▶ [EXERCISE]
Restate word for word the lines of the records below, starting at the line that contains "Cockpit Heatshields are" and ending at the line that contains "Great Gransden", with both of those lines included and nothing else.

▶ [MATERIAL FOR THIS TASK]
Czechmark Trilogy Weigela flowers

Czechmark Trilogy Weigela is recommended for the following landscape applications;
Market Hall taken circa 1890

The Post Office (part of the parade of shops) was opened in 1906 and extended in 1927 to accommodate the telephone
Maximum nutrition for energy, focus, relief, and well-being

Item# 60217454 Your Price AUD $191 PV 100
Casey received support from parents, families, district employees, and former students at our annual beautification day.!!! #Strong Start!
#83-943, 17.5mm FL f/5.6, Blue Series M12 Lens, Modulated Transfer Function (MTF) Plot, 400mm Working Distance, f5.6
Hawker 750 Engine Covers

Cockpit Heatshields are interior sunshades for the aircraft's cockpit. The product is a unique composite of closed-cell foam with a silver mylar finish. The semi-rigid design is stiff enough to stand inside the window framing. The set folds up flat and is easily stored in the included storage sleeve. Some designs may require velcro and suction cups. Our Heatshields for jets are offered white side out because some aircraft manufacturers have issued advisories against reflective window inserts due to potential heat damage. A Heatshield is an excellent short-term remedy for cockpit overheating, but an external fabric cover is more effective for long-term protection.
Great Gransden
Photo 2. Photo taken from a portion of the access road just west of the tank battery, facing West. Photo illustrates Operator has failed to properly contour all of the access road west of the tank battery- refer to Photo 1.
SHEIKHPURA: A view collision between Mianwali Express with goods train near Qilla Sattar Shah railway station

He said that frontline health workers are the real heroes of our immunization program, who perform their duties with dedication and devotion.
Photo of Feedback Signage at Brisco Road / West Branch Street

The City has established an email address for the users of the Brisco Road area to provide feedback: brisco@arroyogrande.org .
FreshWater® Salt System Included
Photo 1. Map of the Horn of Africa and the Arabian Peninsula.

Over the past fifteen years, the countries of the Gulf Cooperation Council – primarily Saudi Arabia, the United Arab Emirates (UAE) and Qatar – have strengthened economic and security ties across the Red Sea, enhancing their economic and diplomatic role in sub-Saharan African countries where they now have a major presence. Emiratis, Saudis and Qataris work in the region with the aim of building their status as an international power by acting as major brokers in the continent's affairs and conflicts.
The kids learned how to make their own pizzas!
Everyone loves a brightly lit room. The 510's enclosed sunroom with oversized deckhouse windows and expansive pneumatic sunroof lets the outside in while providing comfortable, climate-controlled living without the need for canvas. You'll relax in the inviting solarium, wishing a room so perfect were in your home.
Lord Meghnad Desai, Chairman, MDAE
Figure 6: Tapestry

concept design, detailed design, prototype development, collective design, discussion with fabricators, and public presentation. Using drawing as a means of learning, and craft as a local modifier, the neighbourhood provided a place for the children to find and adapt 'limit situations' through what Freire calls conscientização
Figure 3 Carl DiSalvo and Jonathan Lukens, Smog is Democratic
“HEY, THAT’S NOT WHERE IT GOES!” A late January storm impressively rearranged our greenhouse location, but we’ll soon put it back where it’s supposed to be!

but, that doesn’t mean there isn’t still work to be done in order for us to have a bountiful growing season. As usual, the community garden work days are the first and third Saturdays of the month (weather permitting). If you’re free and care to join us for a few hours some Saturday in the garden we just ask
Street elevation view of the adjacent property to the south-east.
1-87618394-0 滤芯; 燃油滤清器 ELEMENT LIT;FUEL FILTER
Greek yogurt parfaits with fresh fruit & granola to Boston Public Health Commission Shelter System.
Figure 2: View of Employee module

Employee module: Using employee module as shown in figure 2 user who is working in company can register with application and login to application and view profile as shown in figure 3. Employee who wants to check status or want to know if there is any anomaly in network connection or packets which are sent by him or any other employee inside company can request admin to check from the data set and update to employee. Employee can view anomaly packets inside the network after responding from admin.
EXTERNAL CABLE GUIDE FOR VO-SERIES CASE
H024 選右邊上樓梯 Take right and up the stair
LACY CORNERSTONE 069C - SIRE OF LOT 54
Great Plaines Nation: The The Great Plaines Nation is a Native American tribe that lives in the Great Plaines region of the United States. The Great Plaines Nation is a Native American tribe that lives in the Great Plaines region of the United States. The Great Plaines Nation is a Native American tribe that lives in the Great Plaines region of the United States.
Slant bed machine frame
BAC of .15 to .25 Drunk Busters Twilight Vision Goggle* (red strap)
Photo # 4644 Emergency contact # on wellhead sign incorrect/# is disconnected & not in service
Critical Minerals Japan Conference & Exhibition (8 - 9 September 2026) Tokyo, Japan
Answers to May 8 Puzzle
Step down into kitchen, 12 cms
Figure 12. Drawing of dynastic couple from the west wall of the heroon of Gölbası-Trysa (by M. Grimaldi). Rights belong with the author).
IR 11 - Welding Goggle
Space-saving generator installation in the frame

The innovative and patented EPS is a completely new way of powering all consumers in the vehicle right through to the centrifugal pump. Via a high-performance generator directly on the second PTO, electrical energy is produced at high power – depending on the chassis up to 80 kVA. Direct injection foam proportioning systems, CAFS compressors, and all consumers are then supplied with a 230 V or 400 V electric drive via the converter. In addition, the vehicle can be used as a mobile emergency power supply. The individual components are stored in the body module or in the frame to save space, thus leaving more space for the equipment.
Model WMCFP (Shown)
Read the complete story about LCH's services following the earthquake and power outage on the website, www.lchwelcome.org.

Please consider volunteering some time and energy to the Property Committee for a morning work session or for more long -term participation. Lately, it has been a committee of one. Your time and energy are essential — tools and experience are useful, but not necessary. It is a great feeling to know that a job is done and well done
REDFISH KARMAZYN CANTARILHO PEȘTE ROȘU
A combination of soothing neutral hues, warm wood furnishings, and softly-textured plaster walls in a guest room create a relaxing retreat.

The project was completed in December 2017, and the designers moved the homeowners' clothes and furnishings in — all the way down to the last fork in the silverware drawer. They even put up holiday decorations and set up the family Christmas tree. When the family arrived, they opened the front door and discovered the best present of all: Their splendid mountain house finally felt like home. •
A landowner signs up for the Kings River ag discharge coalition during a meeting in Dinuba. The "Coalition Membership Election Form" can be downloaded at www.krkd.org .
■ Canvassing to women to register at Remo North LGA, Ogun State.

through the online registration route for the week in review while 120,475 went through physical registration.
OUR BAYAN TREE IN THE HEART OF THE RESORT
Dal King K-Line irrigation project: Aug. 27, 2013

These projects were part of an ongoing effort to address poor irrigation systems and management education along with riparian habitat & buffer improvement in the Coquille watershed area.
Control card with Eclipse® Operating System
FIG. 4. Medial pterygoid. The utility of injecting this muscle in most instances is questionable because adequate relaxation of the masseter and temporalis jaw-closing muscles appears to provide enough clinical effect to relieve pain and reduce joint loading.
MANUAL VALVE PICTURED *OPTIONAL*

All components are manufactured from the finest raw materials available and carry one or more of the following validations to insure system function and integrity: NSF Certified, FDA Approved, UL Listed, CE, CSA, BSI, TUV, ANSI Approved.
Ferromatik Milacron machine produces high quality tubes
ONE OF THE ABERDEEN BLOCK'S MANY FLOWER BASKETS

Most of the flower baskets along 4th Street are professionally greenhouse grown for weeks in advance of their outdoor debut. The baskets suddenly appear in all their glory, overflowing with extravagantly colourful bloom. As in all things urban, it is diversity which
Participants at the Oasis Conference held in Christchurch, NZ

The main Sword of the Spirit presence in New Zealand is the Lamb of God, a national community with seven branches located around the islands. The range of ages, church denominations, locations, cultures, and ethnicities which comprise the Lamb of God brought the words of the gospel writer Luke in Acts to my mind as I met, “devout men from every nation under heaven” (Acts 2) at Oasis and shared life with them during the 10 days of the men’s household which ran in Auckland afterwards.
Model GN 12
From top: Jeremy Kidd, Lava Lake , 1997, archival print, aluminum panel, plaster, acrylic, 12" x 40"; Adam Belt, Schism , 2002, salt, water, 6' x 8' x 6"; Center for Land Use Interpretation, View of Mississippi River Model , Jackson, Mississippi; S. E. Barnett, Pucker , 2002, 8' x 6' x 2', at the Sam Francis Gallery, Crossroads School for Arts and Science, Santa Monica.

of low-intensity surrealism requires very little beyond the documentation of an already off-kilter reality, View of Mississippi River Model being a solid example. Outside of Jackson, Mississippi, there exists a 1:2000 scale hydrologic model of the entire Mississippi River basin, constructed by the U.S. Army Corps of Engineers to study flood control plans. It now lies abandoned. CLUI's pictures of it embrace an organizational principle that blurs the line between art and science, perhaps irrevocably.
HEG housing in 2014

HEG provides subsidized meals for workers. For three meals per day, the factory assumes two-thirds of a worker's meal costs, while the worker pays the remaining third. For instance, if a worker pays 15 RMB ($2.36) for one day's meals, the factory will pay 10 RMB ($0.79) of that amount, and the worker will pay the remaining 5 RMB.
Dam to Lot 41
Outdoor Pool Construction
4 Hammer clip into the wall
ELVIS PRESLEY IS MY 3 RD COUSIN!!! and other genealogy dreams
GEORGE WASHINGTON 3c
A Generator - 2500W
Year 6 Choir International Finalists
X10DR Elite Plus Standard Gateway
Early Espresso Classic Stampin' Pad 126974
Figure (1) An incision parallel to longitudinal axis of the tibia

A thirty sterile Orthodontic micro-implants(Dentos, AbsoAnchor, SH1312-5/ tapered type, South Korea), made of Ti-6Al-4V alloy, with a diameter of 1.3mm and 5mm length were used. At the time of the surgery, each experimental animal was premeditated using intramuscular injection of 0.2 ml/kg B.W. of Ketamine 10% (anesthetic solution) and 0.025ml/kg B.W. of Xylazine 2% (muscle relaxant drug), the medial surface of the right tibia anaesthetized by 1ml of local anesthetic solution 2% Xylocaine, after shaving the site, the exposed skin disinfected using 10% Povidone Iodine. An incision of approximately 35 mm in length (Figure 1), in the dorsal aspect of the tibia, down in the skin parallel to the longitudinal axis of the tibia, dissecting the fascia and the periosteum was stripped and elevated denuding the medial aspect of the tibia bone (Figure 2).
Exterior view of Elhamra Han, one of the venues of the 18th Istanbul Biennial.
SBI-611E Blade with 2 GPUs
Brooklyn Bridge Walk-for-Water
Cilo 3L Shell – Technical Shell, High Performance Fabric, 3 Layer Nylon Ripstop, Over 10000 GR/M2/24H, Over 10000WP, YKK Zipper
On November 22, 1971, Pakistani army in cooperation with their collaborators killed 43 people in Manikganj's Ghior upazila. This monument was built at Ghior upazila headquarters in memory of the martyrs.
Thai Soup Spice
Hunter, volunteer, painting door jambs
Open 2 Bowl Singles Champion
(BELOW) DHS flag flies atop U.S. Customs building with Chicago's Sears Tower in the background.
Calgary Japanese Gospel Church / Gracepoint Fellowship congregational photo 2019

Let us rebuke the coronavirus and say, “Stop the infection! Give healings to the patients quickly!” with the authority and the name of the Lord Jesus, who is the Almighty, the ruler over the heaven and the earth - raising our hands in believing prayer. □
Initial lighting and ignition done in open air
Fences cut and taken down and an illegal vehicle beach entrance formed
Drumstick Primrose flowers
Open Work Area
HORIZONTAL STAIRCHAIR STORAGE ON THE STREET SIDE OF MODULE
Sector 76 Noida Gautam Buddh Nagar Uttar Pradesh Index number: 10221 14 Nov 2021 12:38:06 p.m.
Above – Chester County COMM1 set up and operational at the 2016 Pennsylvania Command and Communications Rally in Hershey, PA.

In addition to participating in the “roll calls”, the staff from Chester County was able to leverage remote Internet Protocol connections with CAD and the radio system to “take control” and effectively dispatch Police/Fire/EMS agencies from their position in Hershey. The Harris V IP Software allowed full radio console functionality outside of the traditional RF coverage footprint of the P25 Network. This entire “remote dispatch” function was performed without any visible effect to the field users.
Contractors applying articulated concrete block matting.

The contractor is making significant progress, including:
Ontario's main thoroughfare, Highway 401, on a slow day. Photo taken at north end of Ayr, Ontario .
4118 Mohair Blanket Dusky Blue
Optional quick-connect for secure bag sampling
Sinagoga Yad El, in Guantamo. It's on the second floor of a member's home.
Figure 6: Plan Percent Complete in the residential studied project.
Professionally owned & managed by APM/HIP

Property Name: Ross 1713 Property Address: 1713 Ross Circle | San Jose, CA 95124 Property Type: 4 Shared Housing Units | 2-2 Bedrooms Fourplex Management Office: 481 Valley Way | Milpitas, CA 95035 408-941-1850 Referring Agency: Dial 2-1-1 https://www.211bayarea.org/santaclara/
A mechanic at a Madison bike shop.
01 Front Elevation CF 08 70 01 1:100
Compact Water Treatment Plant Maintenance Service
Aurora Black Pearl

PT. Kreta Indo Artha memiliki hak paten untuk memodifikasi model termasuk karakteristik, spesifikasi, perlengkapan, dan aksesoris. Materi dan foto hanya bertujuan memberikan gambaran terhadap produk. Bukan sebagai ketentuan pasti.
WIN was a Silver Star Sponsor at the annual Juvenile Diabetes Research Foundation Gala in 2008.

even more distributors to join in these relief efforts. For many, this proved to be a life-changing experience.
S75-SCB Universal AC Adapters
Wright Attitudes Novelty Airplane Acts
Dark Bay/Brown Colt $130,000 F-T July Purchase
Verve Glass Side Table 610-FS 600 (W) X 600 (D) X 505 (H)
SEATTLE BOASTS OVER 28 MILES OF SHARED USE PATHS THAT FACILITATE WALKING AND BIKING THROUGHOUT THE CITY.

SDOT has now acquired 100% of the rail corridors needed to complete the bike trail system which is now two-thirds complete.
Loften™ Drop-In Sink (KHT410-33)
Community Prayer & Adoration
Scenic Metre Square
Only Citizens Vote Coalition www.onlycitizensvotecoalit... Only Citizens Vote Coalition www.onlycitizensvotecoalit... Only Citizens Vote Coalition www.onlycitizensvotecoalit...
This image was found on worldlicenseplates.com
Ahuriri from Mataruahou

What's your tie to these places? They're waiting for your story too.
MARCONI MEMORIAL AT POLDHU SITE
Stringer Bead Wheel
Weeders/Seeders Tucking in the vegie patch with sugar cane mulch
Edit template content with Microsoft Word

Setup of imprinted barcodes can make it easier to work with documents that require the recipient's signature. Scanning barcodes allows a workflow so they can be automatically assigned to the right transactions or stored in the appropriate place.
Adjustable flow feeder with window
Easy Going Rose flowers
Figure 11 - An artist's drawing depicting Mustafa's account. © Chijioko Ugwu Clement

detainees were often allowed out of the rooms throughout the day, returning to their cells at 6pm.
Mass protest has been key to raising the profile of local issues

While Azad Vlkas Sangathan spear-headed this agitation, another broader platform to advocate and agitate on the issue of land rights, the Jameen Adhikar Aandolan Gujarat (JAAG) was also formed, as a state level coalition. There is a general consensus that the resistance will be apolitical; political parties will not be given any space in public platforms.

▶ [COMPLETED TASK]
Cockpit Heatshields are interior sunshades for the aircraft's cockpit. The product is a unique composite of closed-cell foam with a silver mylar finish. The semi-rigid design is stiff enough to stand inside the window framing. The set folds up flat and is easily stored in the included storage sleeve. Some designs may require velcro and suction cups. Our Heatshields for jets are offered white side out because some aircraft manufacturers have issued advisories against reflective window inserts due to potential heat damage. A Heatshield is an excellent short-term remedy for cockpit overheating, but an external fabric cover is more effective for long-term protection.
Great Gransden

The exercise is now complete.